Blavatsky argued, e.g., that the rejection of Zurvan (the Supreme Principle) as heresy by orthodox Zoroastrians was a loss of the “Secret Doctrine” of the Magi. This points to a pre-Zoroastrian Magian monist position, Theosophy argues was the original teaching; and contrary to the orthodox emphasis on the duality of Ahura Mazda and Ahriman, however, did not conflict with Zoroaster.
“Even exoterically, the God of Light and the God of Darkness are, both spiritually and physically, the two ever-contending Forces, whether in Heaven or on Earth.” (H.P. Blavatsky, Collected Writings, Vol. 13, pp. 124-1252)
ZURVAN is the infinite, passionless source of both good and evil — two opposing principles, which were an exoteric veil for the esoteric truth of non-dual unity. The dual principles are a manifestation within finite cycles, but the ultimate reality is boundless and undifferentiated.

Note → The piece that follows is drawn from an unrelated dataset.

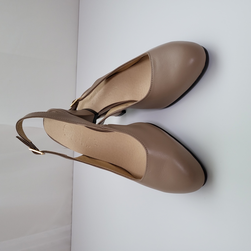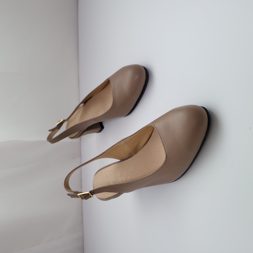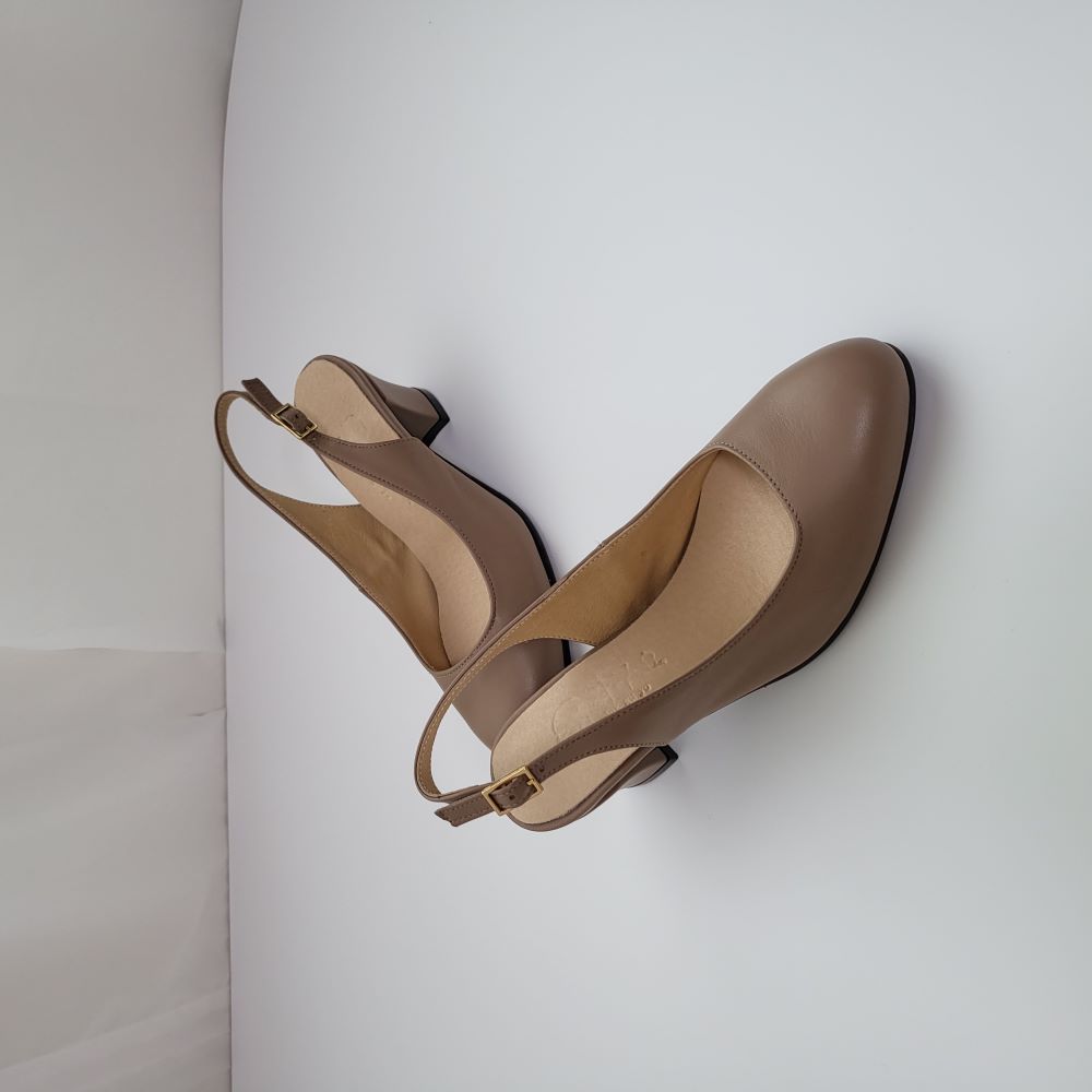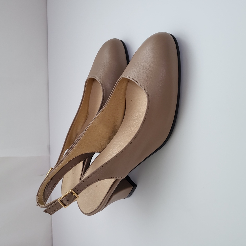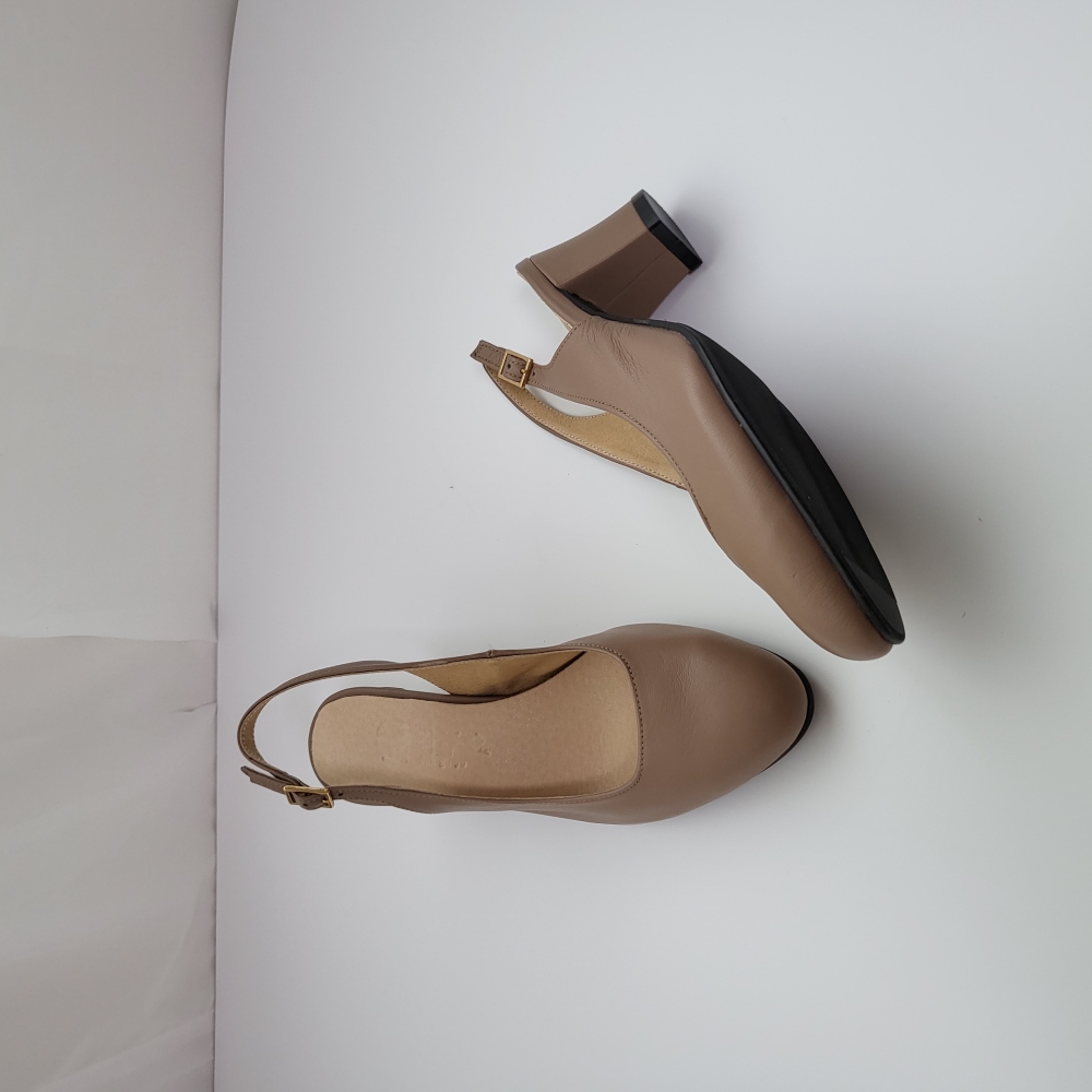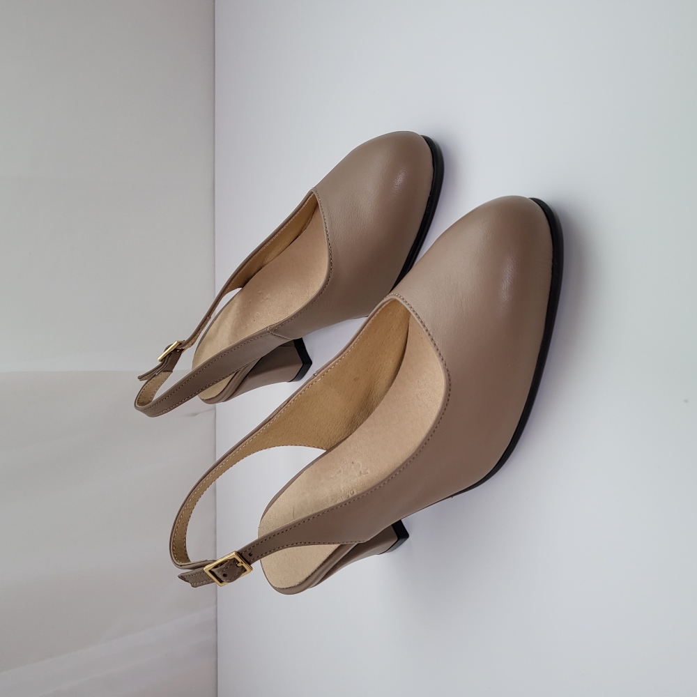작구요 양가죽 모카베이지 슬링백 힐 5cm
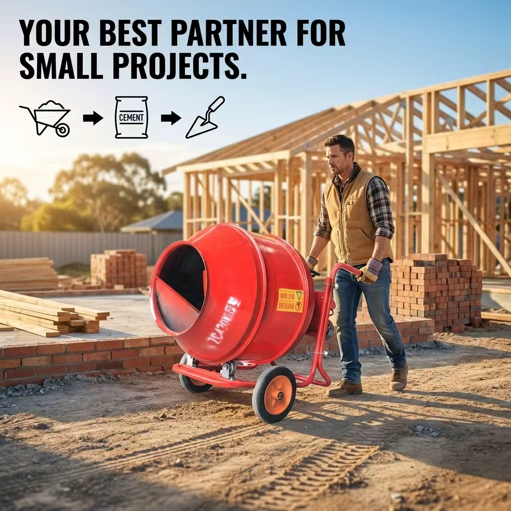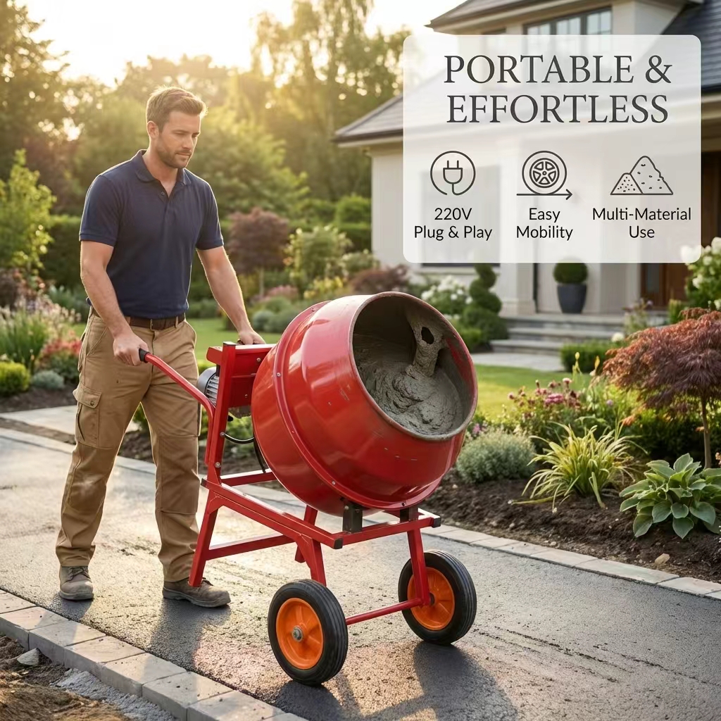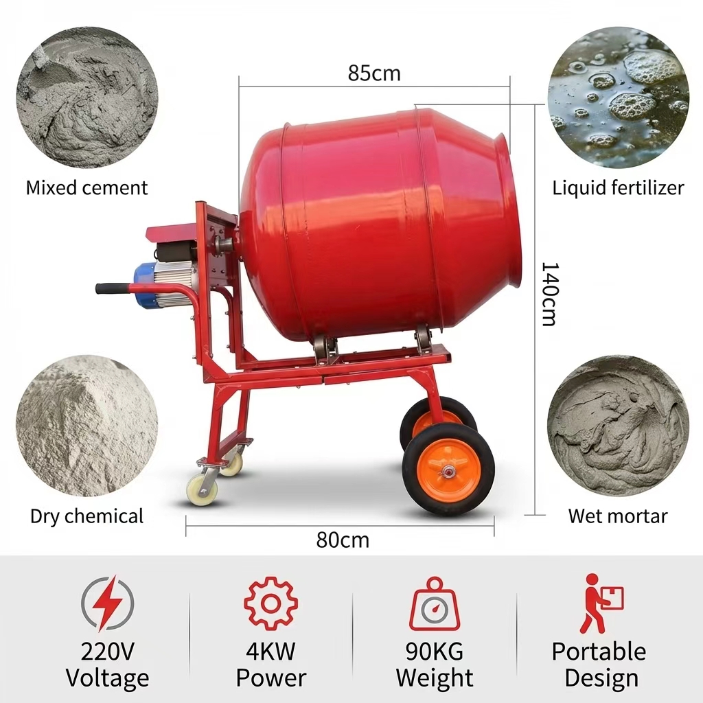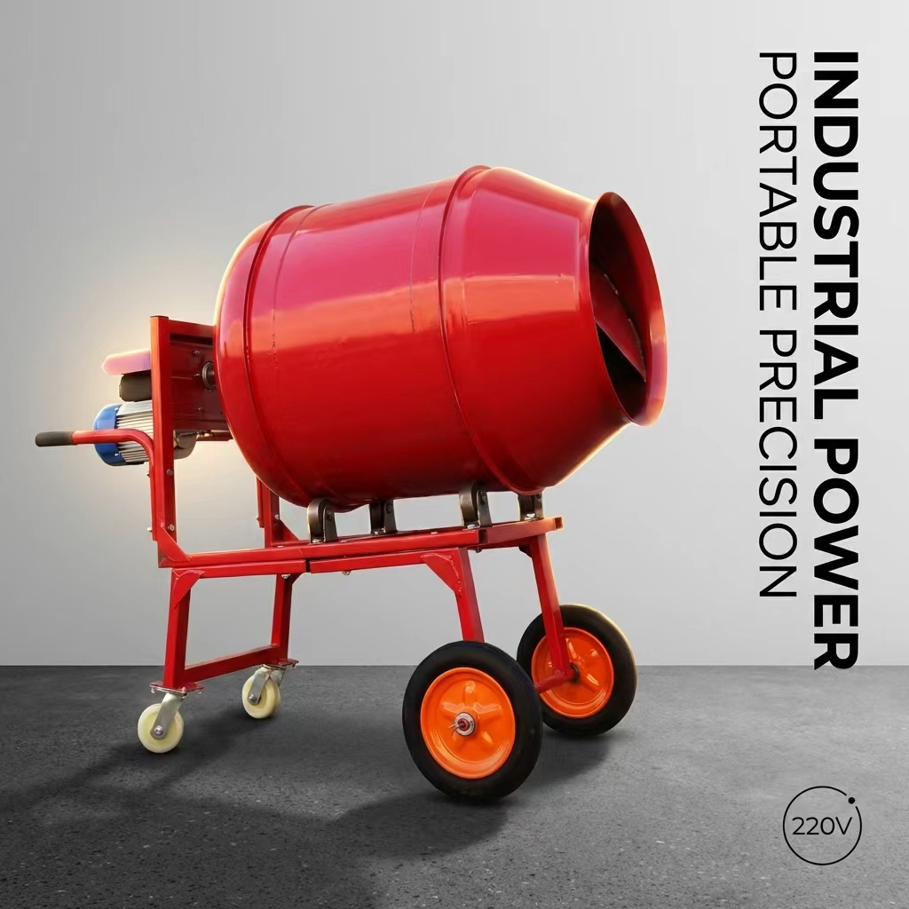 The hand-pushed drum mixer is a compact piece of concrete equipment that integrates both mixing and transport functions. Utilizing a drum-style mixing principle, it employs an electric motor to drive the rotation of the drum, causing the materials inside to continuously tumble and thereby achieve a uniform mixture. The unit is equipped with a hand-pushed frame and transport wheels, allowing it to be easily maneuvered across construction sites; it is particularly well-suited for project environments where space is limited or work points are dispersed.

Blavatsky argues, in both The Secret Doctrine and her Thoughts on Ormuzd and Ahriman, that the Parsis have lost the key (or philosophical interpretation) to their own religion, and refuse to recognize Ahriman as the necessary ‘Shadow’ of Ahura Mazda (the Light), both issuing from the same source, the ‘Boundless CIRCLE OF TIME‘ (Zurvan Akarana). It would suggest that the Avestan texts are fragmentary and edited, and that when Alexander the Great conquered Persia, and later when the Muslims took over, the secret books of the Magi were destroyed or hidden. Therefore, the surviving texts (the Zend-Avesta as we have it) are only the exoteric record. Therefore, this argues that the absence of Zurvan in modern Parsi ritual is not evidence that Zurvan wasn’t there originally. It is evidence that the keys were lost.